China ist im Wandel – Peter Hessler gelang auf den Strassen des Landes eine Studie mit grosser menschlicher Nähe.

Buchtipp Die Strasse als Lebensnerv Peter Hessler interessiert sich vor allem für eines: Strassen. Er folgt ihnen durch ganz China und erzählt dabei auf humorvolle Weise, wie sie das Leben der Menschen tief gehend verändern. VON OLIVER ZWAHLEN

China ist in Bewegung. Kaum etwas hat sich so stark verändert wie das Mobilitätsverhalten. Immer mehr Menschen kaufen sich ein Auto, Strassen erschliessen abgelegene Gegenden und wegen der besseren Infrastruktur verwandeln sich Berggegenden in Industriegebiete. Als Peter Hessler vor bald zehn Jahren den chinesischen Führerschein machte, wollte er genau diesen Phänomenen nachspüren. Im gemieteten Geländewagen reist der langjährige Korrespondent des «New Yorker» der Chinesischen Mauer entlang, die in den 30er-Jahren fast als Baumaterial für eine Autobahn hätte herhalten sollen, wie wir bei der Lektüre beiläufig erfahren.
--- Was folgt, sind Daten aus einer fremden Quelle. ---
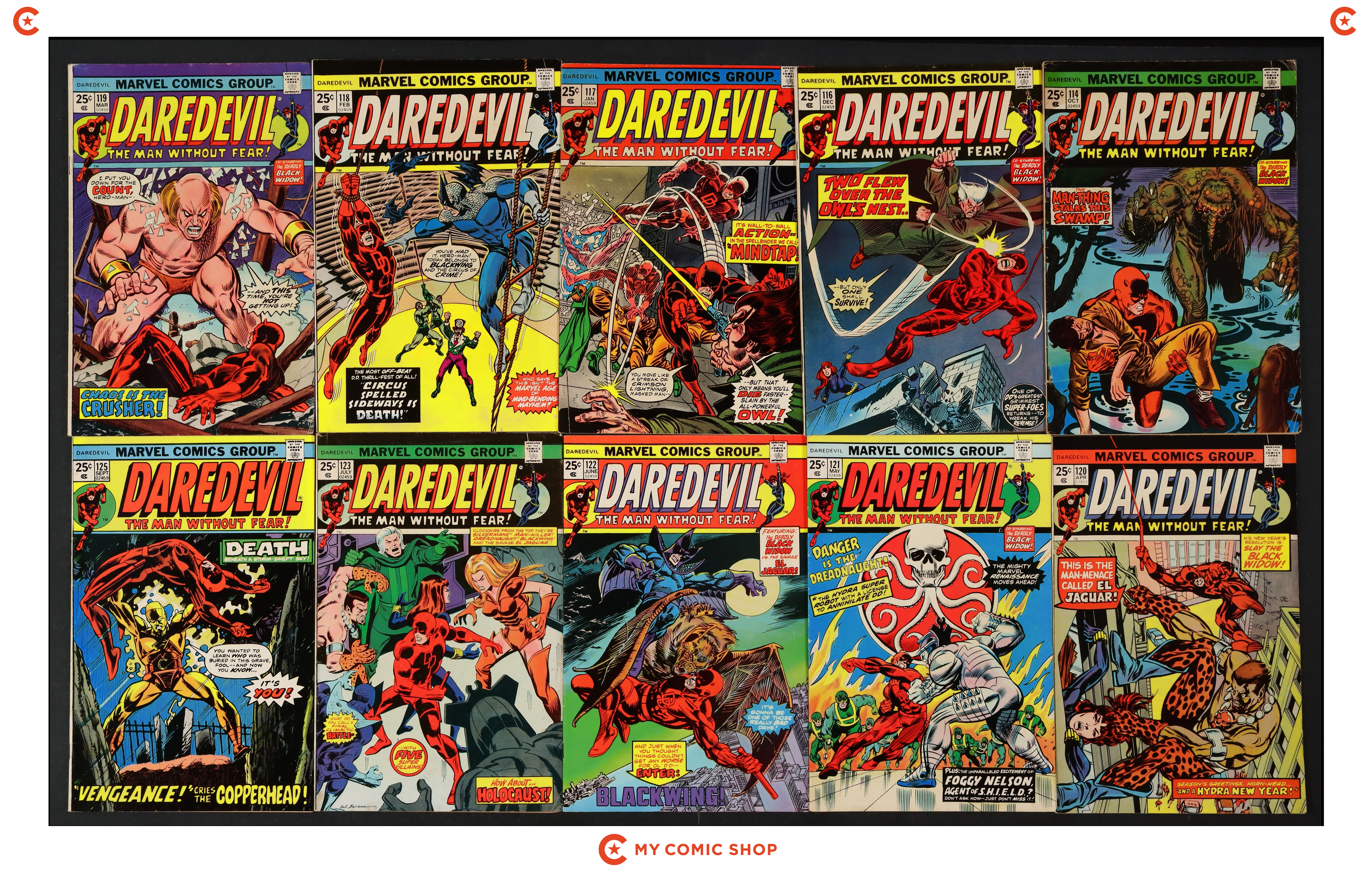 Issues 114, 116-123, and 125 of Daredevil (1964 1st Series). Most will grade in the VG range with a couple grading closer to GD.

Hessler scheint auf der Reise durch die aussterbenden Dörfer im Westen mit martialischen Namen wie «Schlachtet die Hu ab» jeden mitzunehmen, der an der Strasse steht: Lastwagenfahrer, ehemalige Soldaten, und immer wieder «Dorfgrazien», die ihre Heimat verlassen, um in den Städten ihr Glück zu suchen. Szenenwechsel. Einige Zeit später mietet sich der Autor wenige Kilometer nördlich von Peking ein Bauernhaus. Wie viele Dörfer, droht auch Sancha zunächst auszusterben: Im ganzen Ort gibt es ein einziges Kind, denn die meisten jungen Familien wandern in die Städte aus. Doch dann kommt die neue Strasse und mit ihr die neue städtische Mittelschicht aus Peking, die das einfache Landleben geniessen will. Dank der engen Freundschaft zu einer Familie gewinnt Hessler Einblick ins Dorfgeschehen. So erzählt er detailreich von den Machtkämpfen vor einer Kandidatur zum Dorfvorsteher oder wie jemand seinen behinderten Bruder bei der Provinzbehörde stehen lässt, bis die Beamten schliesslich die staatliche Unterstützung doch noch auszahlen. Im dritten Teil des Buches besucht Hessler ein neues Fabrikquartier in Südostchina und erzählt, wie ein Unternehmer versucht, mit BHs reich zu werden. Was als ein einfacher Reisebericht aufgemacht ist, entpuppt sich bei näherem Hinsehen als zweierlei: Einerseits ist «Überland» eine gut lesbare Studie zu einem sich ändernden Mobilitätsverhalten, andererseits gelingt es Hessler immer wieder, eine grosse Nähe zu den Menschen und deren Schicksale in einem sich rasch wandelnden Land zu schaffen. Etwas vom Besten, was in der letzten Zeit über China erschienen ist.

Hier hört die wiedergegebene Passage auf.